- Church: Episcopal Church
- Diocese: Haiti
- Elected: 1922
- In office: 1923–1943
- Predecessor: James Theodore Holly
- Successor: C. Alfred Voegeli

Orders
- Ordination: January 10, 1896 by Davis Sessums
- Consecration: January 10, 1923 by Daniel S. Tuttle

Personal details
- Born: December 8, 1869 Petersburg, Nebraska, United States
- Died: July 13, 1948 (aged 78) Port-au-Prince, Haiti
- Buried: Holy Trinity Cathedral, Port-au-Prince
- Denomination: Anglican
- Parents: Henry Samuel Carson & Mary Thomas
- Spouse: Zoe Theotiste Garig
- Children: 1

= Harry Roberts Carson =

American bishop

Harry Roberts Carson (December 8, 1869 - July 13, 1948) was an American Episcopal cleric who served as bishop of the Episcopal Diocese of Haiti from 1923 to 1943.

==Biography==
Carson was born on December 8, 1869, in Norristown, Pennsylvania, the son of Henry Samuel Carson and Mary Thomas. He studied at Sewanee: The University of the South between 1893 and 1895. After graduation he was ordained deacon on January 1, 1895, and priest on January 10, 1896, by the Bishop of Louisiana Davis Sessums in Christ Church Cathedral (New Orleans). He then served as a general missionary in the Diocese of Louisiana until 1898, after which he became a navy chaplain in the Spanish–American War. He then served as rector of St Mary's Church in Franklin, Louisiana between 1899 and 1904. In 1904 he became rector of Grace Church in Monroe, Louisiana, while in 1910 he was appointed Archdeacon of Northern Louisiana, a post he retained till 1912. Afterwards he became chaplain at Ancon Hospital in the Panama Canal Zone and Archdeacon of Panama between 1913 and 1922.

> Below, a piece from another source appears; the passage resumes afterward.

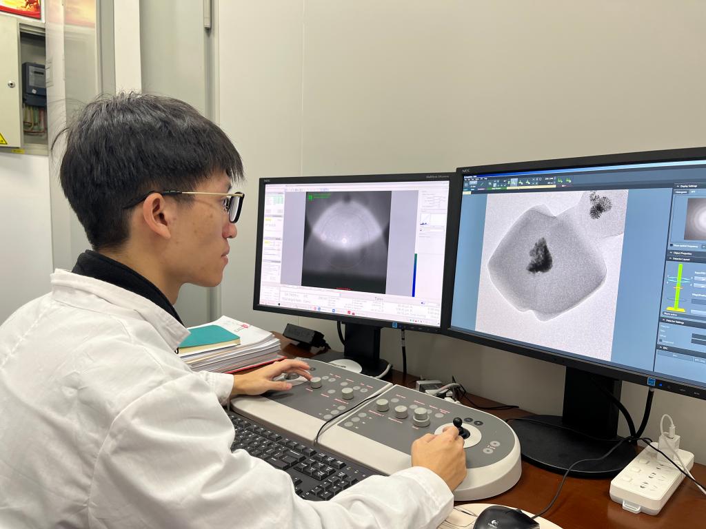 “科研如同晶體提純,唯有過濾浮躁、潛心鉆研,才能萃取出問題的本質。”談及讀研的心得,溫浩明這樣總結道。2022年,溫浩明繼續攻讀本校的化學專業理學碩士學位,基于對學科的熱愛,他選擇深耕無機化學的微觀研究領域。研一暑期,他在實驗室連續三個月嘗試合成新型納米材料,然而產物形貌始終未達預期,在凝視透射電子顯微鏡下的異常產物時,他一度對自己的研究方向產生懷疑。直至在導師賀鴻明的建議下,他系統研讀近五年合成領域文獻,通過追根溯源地分析,才發現反應過程中的滴加速度與溫度控制是改善產物形貌的關鍵因素,一張張透射電鏡圖記錄著他每一個深夜處理實驗數據的時光。“讀研這幾年,我最大的收獲并非合成出某種新材料,而是學會思考問題本質并解決問題。”他說道。

He was elected Missionary Bishop of Haiti in 1922 and was consecrated to the episcopate on January 10, 1923, with Presiding Bishop Daniel S. Tuttle as chief consecrator. As from January 1, 1928, he was also Bishop in charge of the Dominican Republic. He retired in 1943 and died on July 13, 1948, in Port-au-Prince, Haiti.